Leave out the pictures, and retype the remaining data exactly.

====== Data below ======

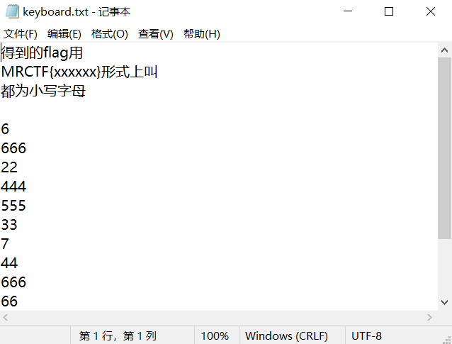文本由数字构成并未包含什么有效信息,观察题目名为keyboard,数字位数最多为三猜想是九键输入法数字代表具体是哪一键,位数表示该键中哪一个字母,最终转换为答案
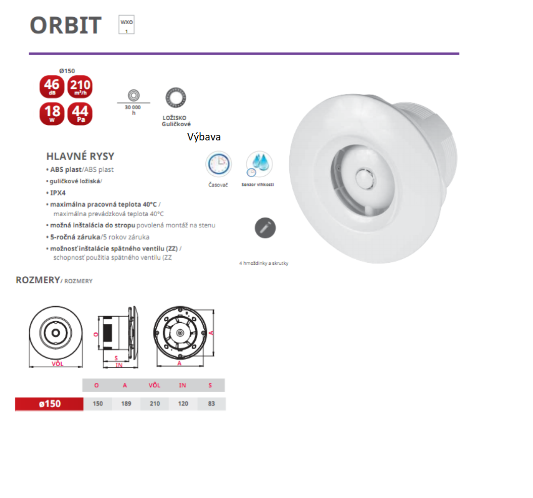 AWENTA ORBIT -VXO 150H Ventilátor do stropu +parový senzor-vhodná na použitie do stropu-v strede LED dióda červená AWENTA ORBIT -VXO 150H Ventilá...
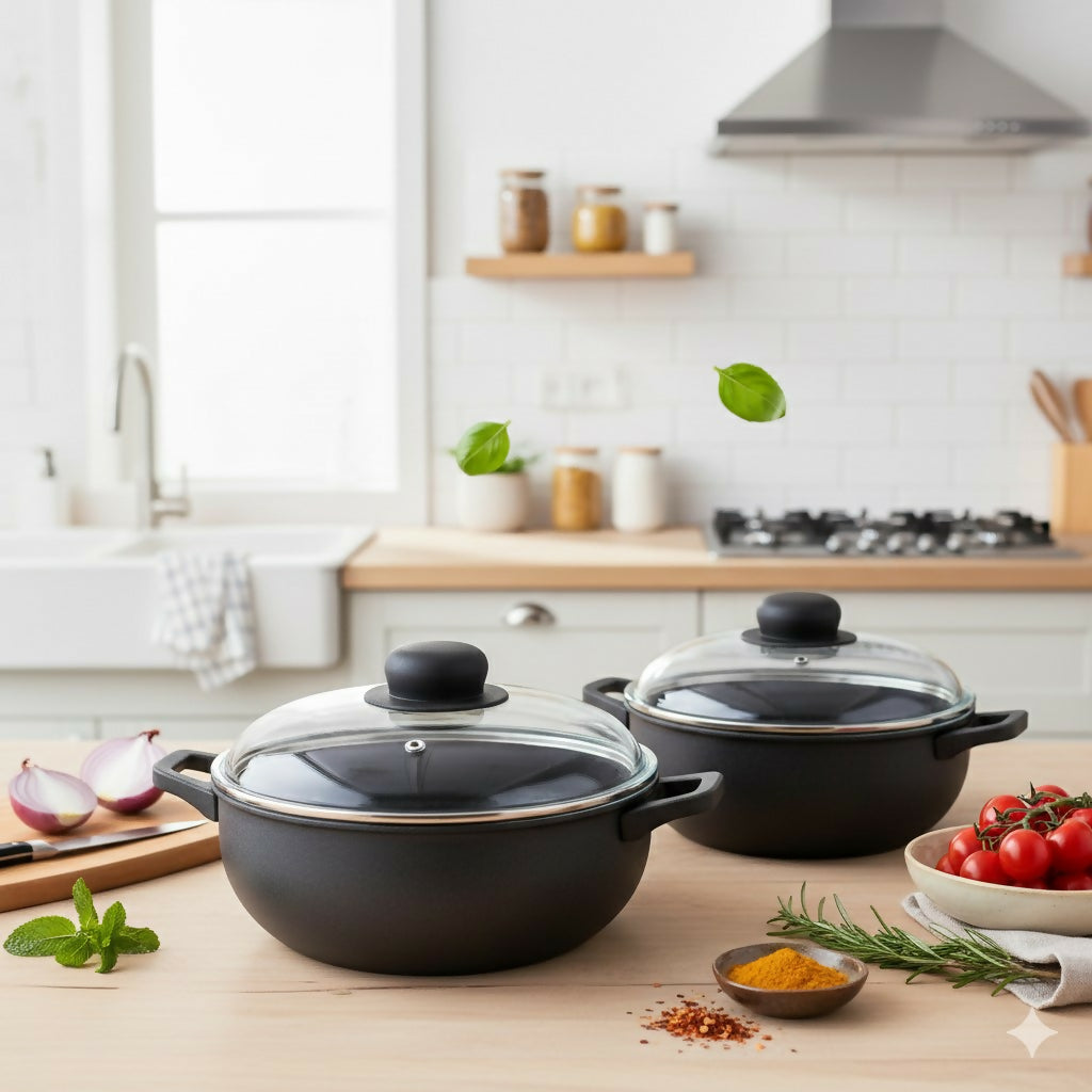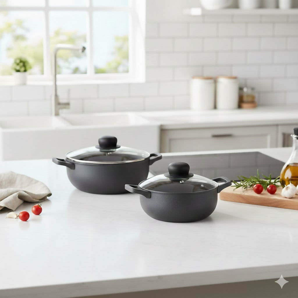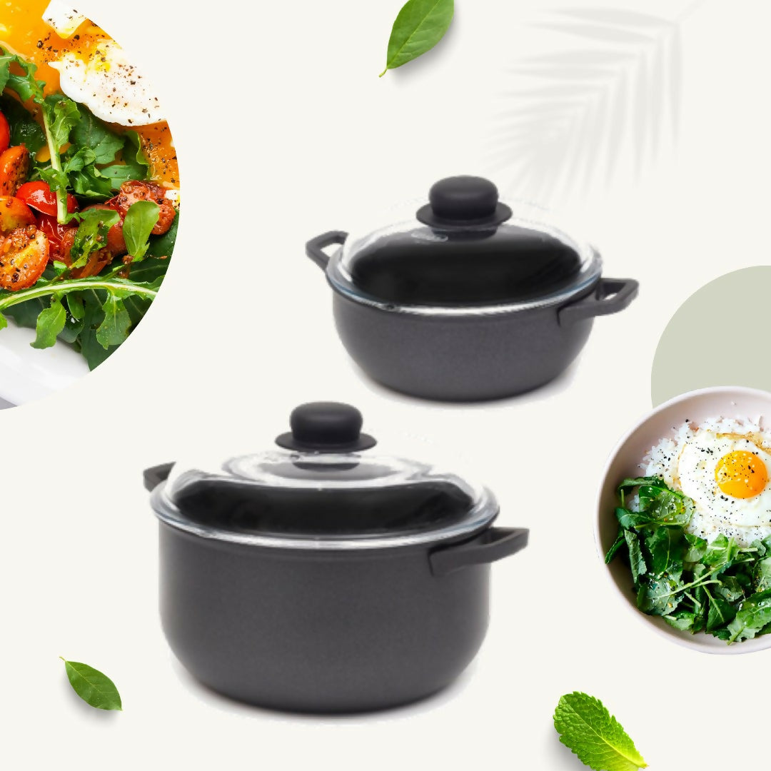 Set 2 Olla c/tapa cristal templado modelo Athenea tamaño 26cm Alta ytamaño 24cm Baja, cuerpo y asas de aluminio forjado, full inducción base de acero inoxidable 0.6mm de espesor, antiadherente  ecológico (libre de PFOA y PTFE) marca Alemana Greblón fabricado en Portugal Comunidad Europea

======

## Answer box:
文本由数字构成并未包含什么有效信息,观察题目名为keyboard,数字位数最多为三猜想是九键输入法数字代表具体是哪一键,位数表示该键中哪一个字母,最终转换为答案
 AWENTA ORBIT -VXO 150H Ventilátor do stropu +parový senzor-vhodná na použitie do stropu-v strede LED dióda červená AWENTA ORBIT -VXO 150H Ventilá...
 Set 2 Olla c/tapa cristal templado modelo Athenea tamaño 26cm Alta ytamaño 24cm Baja, cuerpo y asas de aluminio forjado, full inducción base de acero inoxidable 0.6mm de espesor, antiadherente  ecológico (libre de PFOA y PTFE) marca Alemana Greblón fabricado en Portugal Comunidad Europea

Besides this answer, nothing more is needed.